◆ Exercise aim: The part below that opens with the line containing "- パーティクル ビューで、Event" and closes with the line containing "en bois de placage, ornée" should be copied exactly, minus any pictures.

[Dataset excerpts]

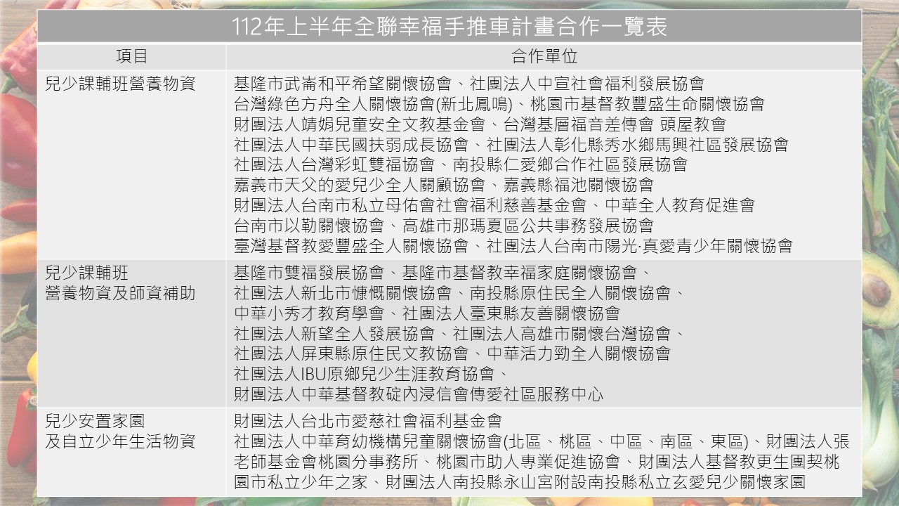 本會公告 全聯幸福手推車計畫 2022-12-29 【長期助養─幸福手推車計畫】112年度上半年合作入選公告 生活中處處都是學問,全聯以打造「公益賣場」為目標,全聯佩樺基金會結合母企業推出「全聯幸福手推車計畫」,長期以全聯公益福利卡儲值金及贊助師資鐘點費用,觀察到弱勢家庭小朋友較缺乏生活經驗,透過與社福課輔班的合作,幫助學童重拾自信,也讓兒少從中獲得生活啟發。 上一則 回總覽 下一則
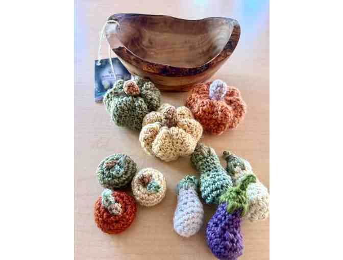Hand Crocheted Vegetables and Fruit in an Olive Tree Wooden Bowl
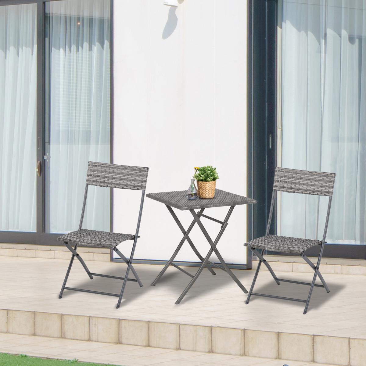 This 3 piece rattan bistro coffee set is a great solution for your garden, patio or balcony Made with high-quality metal tubing and covered with PE rattan, it will last for years to come The set consists of 1 table and 2 chairs, a great addition to any home The whole set can be easily be folded and stored away to create space when not in use, this set is not just useful but practical.
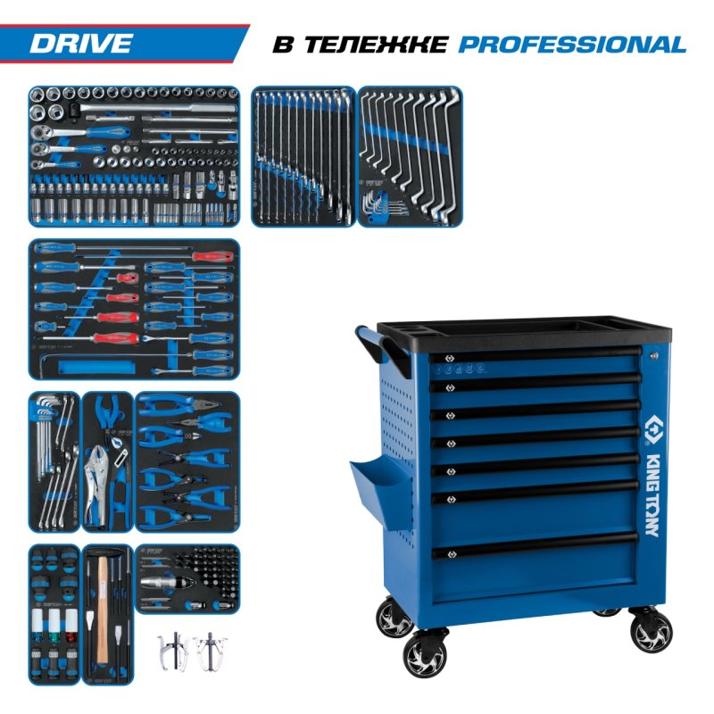 Набор инструментов 251 предмет, "DRIVE", в синей тележке KING TONY 9G38-251MRVB купить в Самаре цена ✅ - Все для СТО
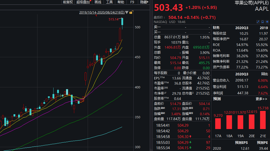 8月24日晚,苹果继续创造历史,股价开盘涨超3%,突破500美元/股,最高触及515美元/股,市值一度站上2.2万亿美元,最终报收503美元/股。
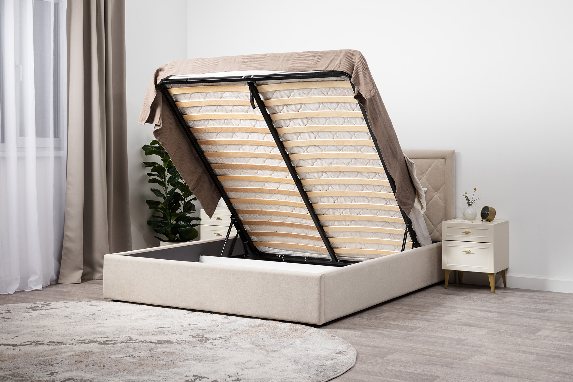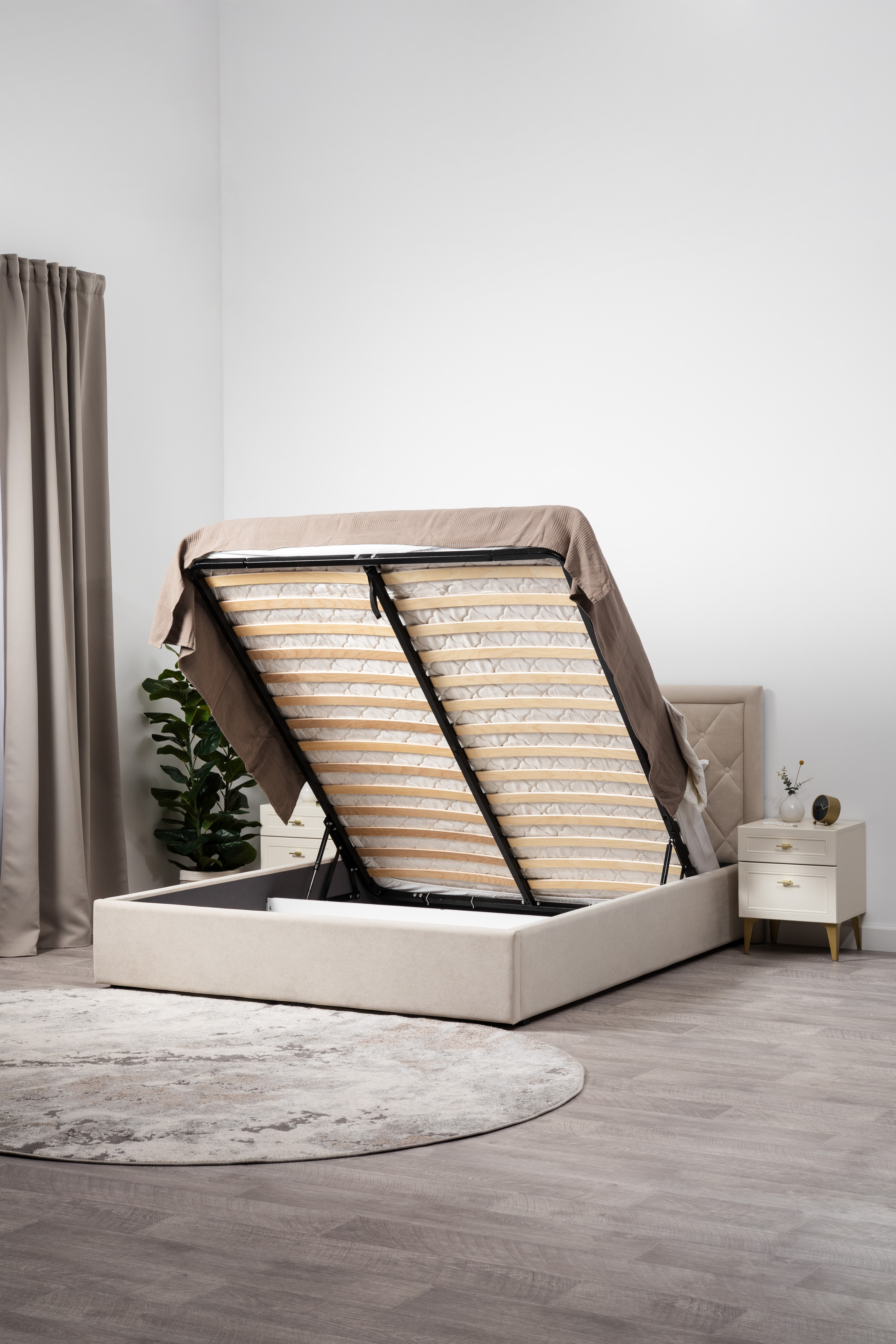 Кровать Марион 160 велюр OCEAN 002 бежевый с ортопедическим основанием и подъемным механизмом (спальное место 160 х 200)
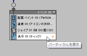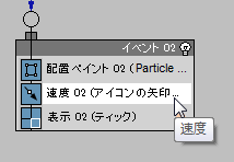 - パーティクル ビューで、Event 02 のタイトル バーをクリックしてイベント全体を選択します。
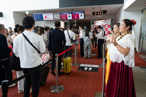 また、グアム政府観光局 局長のレジーン・ビスコー・リー氏は、同局がJALのグアム線と同じ1970年設立であることに触れ、「われわれも55周年。JALとともに歩んできた歴史を振り返ると、グアムと日本の観光交流は航空路線に支えられた絆そのものであると実感している。JALは単なる航空会社ではなく、観光と友好をつなぐ大切なパートナー」と述べて、今後のさらなる関係深化に期待を寄せた。
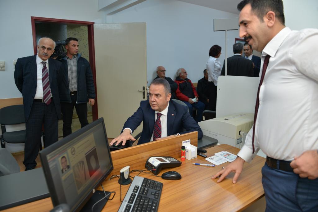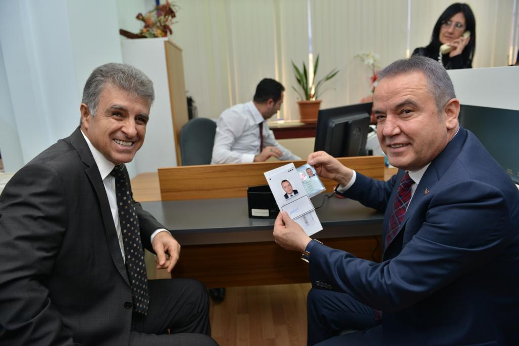 Başkan Muhittin Böcek ile birlikte Antalya Valisi Münir Karaloğlu ve Konyaaltı Kaymakamı İbrahim Keklik’te yeni kimlikler için başvuru yaptı.
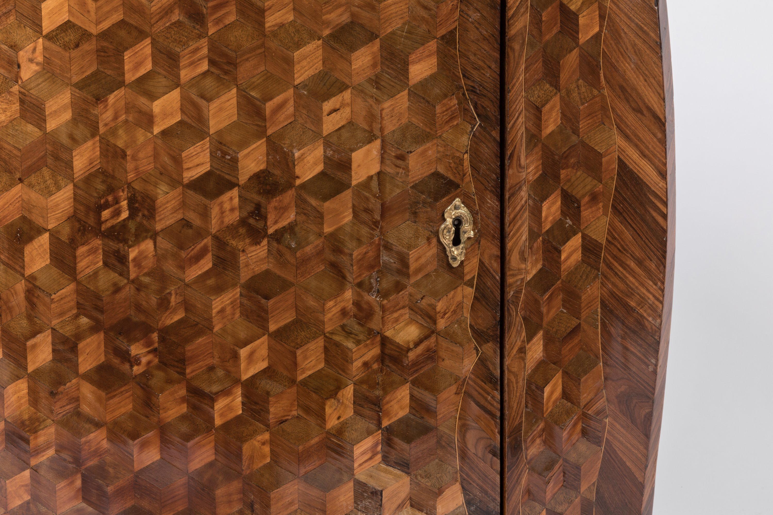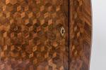 en bois de placage, ornée d'une marqueterie en cubes. Larges montants en doucine, reposant sur un piétement légèrement cambré.
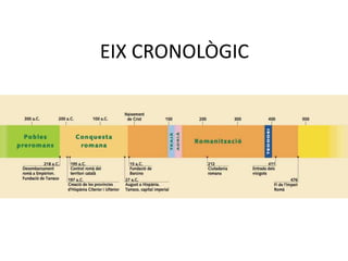 Les guerres entreRoma i Cartago pel domini del Mediterrani occidental van tenir com a escenari la península Ibèrica.Els cartaginesos van dominar el sud-est peninsular. Cartago Nova (Cartagena) va ser la capital. D’allí van marxar amb un exèrcit a conquerir Roma i, pel camí, van atacar la ciutat de Sagunt, aliada dels romans.És així com es va iniciar la segona guerra púnica: els romans van desembarcar a Empúries amb l’objectiu de venjar la presa de Sagunt i de tallar el contacte entre Anníbali les seves bases.La conquesta d’Hispània es va allargar durant dos-cents anys (218 aC a 19 aC). Hi podem distingir quatre fases.
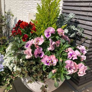 秋に作った寄植えの最終形態。 キンギョソウ、ブロンズドラゴンが咲きました💖ビオラが枯れる前ギリギリです。 グンと伸びて、存在感のある花が素敵です😊✨ ただ、頭が重いので、昨日の雨で全て倒れてしまいました😭今日急いで小さなトレリスを立てて誘引したのですが、あまりうまくいかず💦(写真は倒れる前です)スッと直立してくれたらとっても格好良いのになぁ。 背が高いので、切り花にして楽しむのもアリかもしれません😉

◆ Response below:
 - パーティクル ビューで、Event 02 のタイトル バーをクリックしてイベント全体を選択します。
 また、グアム政府観光局 局長のレジーン・ビスコー・リー氏は、同局がJALのグアム線と同じ1970年設立であることに触れ、「われわれも55周年。JALとともに歩んできた歴史を振り返ると、グアムと日本の観光交流は航空路線に支えられた絆そのものであると実感している。JALは単なる航空会社ではなく、観光と友好をつなぐ大切なパートナー」と述べて、今後のさらなる関係深化に期待を寄せた。
 Başkan Muhittin Böcek ile birlikte Antalya Valisi Münir Karaloğlu ve Konyaaltı Kaymakamı İbrahim Keklik’te yeni kimlikler için başvuru yaptı.
 en bois de placage, ornée d'une marqueterie en cubes. Larges montants en doucine, reposant sur un piétement légèrement cambré.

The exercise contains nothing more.